In today’s economy, everyone is looking for ways to save on energy costs. Unfortunately, most people make two mistakes when focusing on saving energy.

The first mistake is not going after the low hanging fruit. No/low cost ways of saving energy include temperature setbacks on thermostats when buildings are not being occupied, keeping equipment properly maintained, eliminating building infiltration, reducing the use of lighting and appliances to only when needed, making sure plumbing systems do not leak, keeping fuel burning appliances properly tuned….on and on. When implemented, the energy savings can be single digit percentages of the overall utility costs.

The second mistake is having unrealistic expectations about making larger reductions in energy use. The best place to start is to account for the total energy costs (gas, water, electric, sewer, other) on a monthly and yearly basis. Then these costs should be analyzed to see which ones vary with weather, with occupancy/use, etc. After the low hanging fruit is addressed, additional savings means investing money. Having a payback period in mind and commitment by management helps too. An audit can then be performed identifying any areas for improvement, potential savings, and investments required.

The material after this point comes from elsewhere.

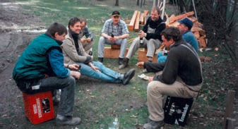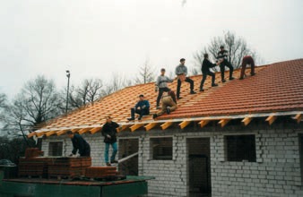 Das Clubhaus ist bald fertig. Ende des Jahres 1998 findet ein erstes Großreinemachen mit den fleißigen Helferinnen Sigrid Lichtendonk, Karin Lucas, Jenny Rötterink, Hildegard Lambers und Hanni Stroeve (von links) statt.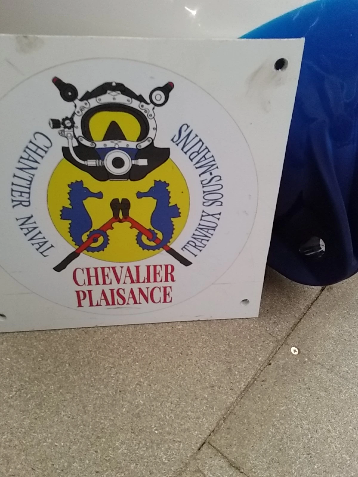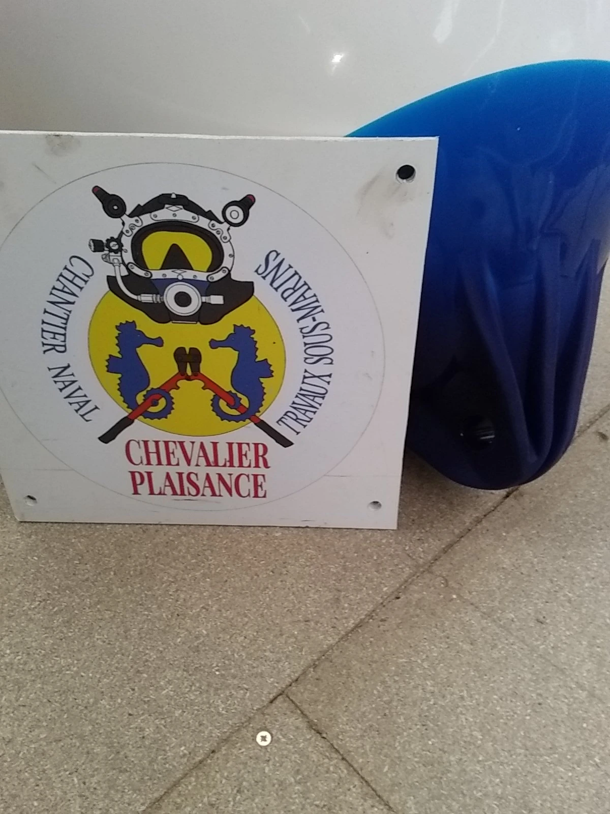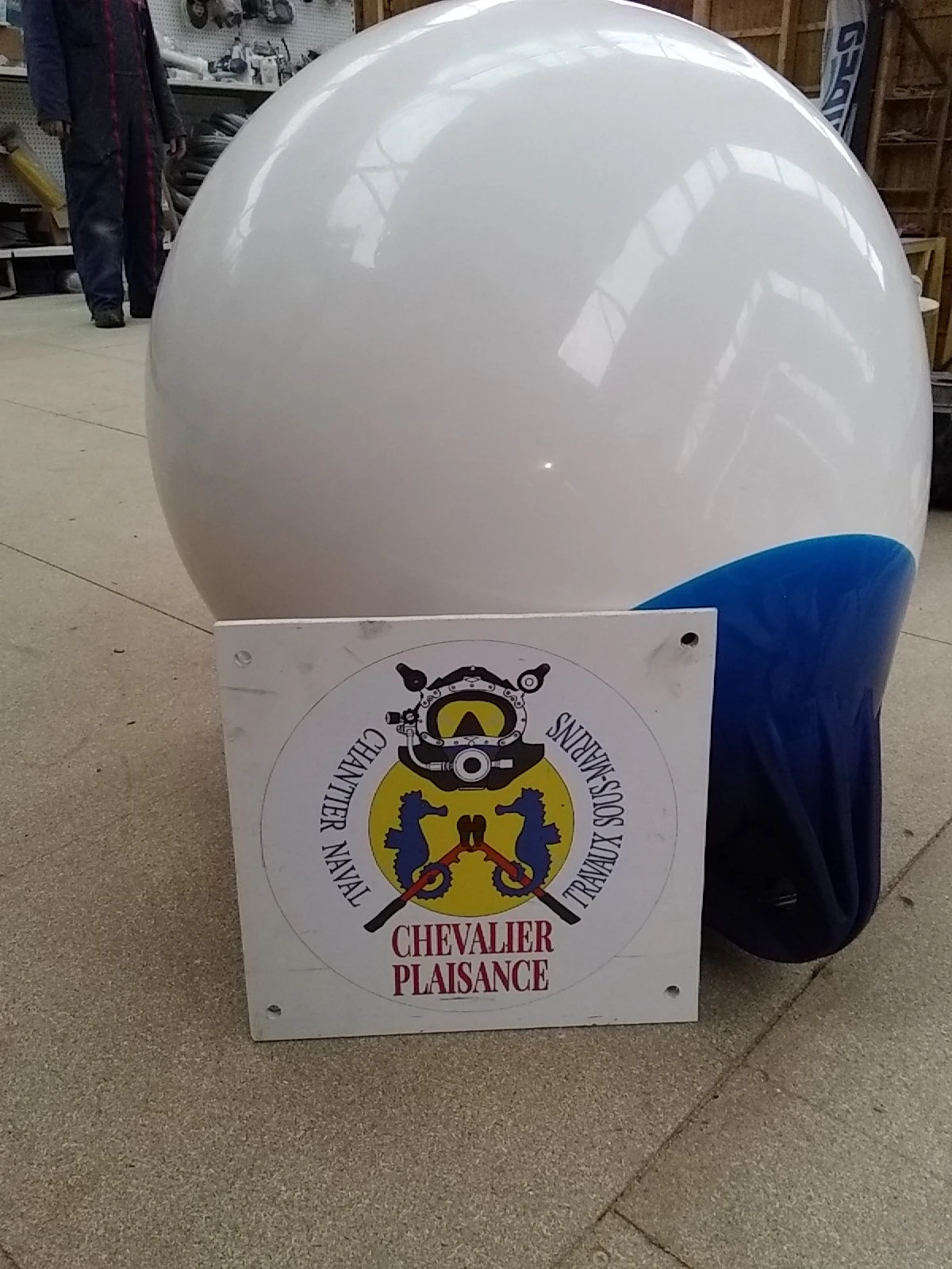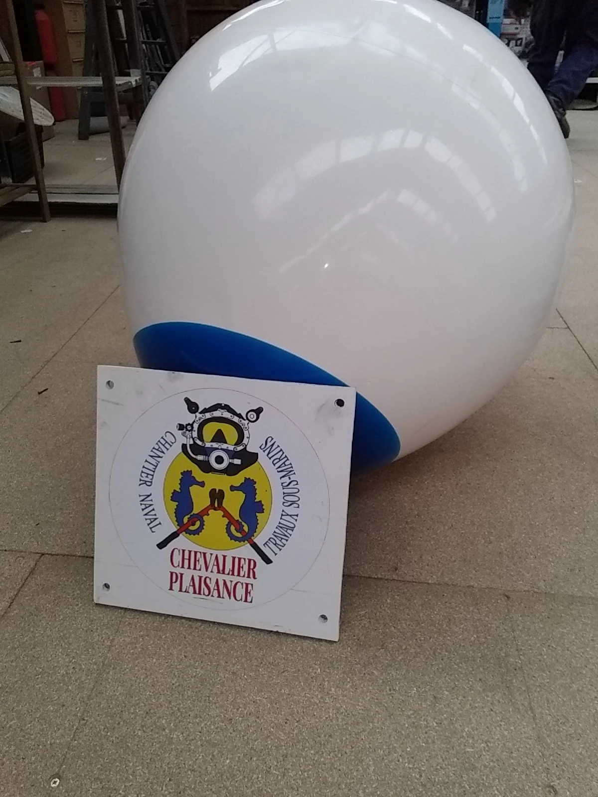 Flotteur Blanc fabriqué en une seule pièce avec un anneau injecté renforcé Bleu et corps sphérique surmoulé en Rotomoulage.

For example, if your yearly energy bills are $10,000 and you’d like to reduce that by 10% or $1,000. How much money are you willing to spend to get those savings? Let’s say its $3,000. So, you are expecting that your investment will payback in 3 years ($3000 divided by $1000). When the audit is performed, you need to focus on proven technologies that can provide you $1,000 savings with a $3,000 investment. No need to look at spending more money or investing in alternatives with longer paybacks since they would be outside your expectations. It would make sense to start with the utility that makes up for most of the $ 10,000 or the one that is known to be least efficient. Let’s say it’s electric at $ 5,000. So, now you need to make a $1,000 impact on $ 5,000 or a change in efficiency of 20% ($1000 divided by $5000). Now you can ask yourself, what technologies are available at $ 3,000 to save your electric by 20%.

You can scale this example up or down but the process is the same. Go for the low hanging fruit. Then start with the big picture of what you can spend to obtain greater savings. It will save you time, money, and effort in the end.